What you will do:
The expected response is the complete listing below, restated exactly, with its pictures omitted.

======== Data shown

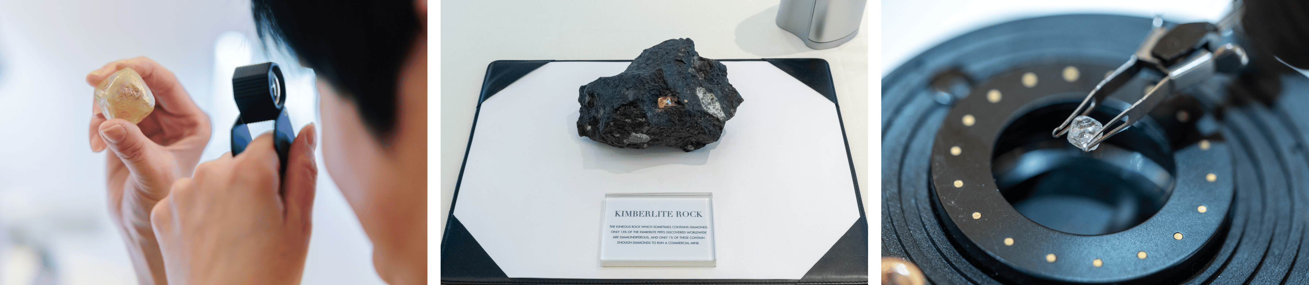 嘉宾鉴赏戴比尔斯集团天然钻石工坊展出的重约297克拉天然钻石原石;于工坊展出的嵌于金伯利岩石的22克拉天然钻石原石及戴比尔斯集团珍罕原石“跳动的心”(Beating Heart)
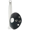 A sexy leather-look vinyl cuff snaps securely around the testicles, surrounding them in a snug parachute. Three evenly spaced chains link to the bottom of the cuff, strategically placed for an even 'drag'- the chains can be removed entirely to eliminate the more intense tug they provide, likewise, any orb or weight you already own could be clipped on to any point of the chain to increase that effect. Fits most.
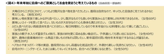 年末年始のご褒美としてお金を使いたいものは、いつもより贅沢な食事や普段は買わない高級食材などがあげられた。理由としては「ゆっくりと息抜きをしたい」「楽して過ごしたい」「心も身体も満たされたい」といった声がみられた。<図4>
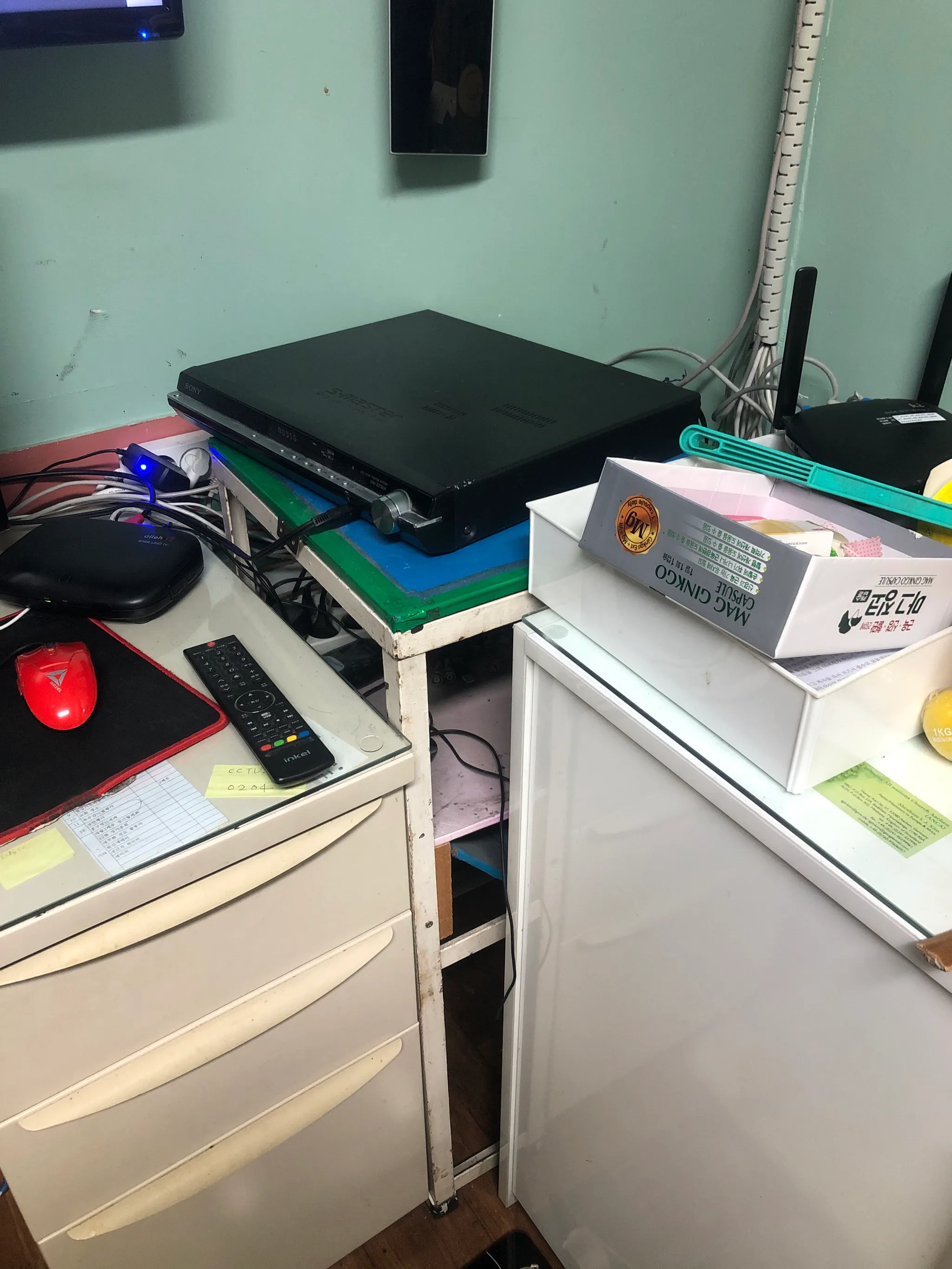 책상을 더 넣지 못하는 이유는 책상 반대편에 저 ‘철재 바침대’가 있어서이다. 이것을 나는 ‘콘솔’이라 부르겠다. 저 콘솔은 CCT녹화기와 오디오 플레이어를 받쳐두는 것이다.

================

Exercise result:
 嘉宾鉴赏戴比尔斯集团天然钻石工坊展出的重约297克拉天然钻石原石;于工坊展出的嵌于金伯利岩石的22克拉天然钻石原石及戴比尔斯集团珍罕原石“跳动的心”(Beating Heart)
 A sexy leather-look vinyl cuff snaps securely around the testicles, surrounding them in a snug parachute. Three evenly spaced chains link to the bottom of the cuff, strategically placed for an even 'drag'- the chains can be removed entirely to eliminate the more intense tug they provide, likewise, any orb or weight you already own could be clipped on to any point of the chain to increase that effect. Fits most.
 年末年始のご褒美としてお金を使いたいものは、いつもより贅沢な食事や普段は買わない高級食材などがあげられた。理由としては「ゆっくりと息抜きをしたい」「楽して過ごしたい」「心も身体も満たされたい」といった声がみられた。<図4>
 책상을 더 넣지 못하는 이유는 책상 반대편에 저 ‘철재 바침대’가 있어서이다. 이것을 나는 ‘콘솔’이라 부르겠다. 저 콘솔은 CCT녹화기와 오디오 플레이어를 받쳐두는 것이다.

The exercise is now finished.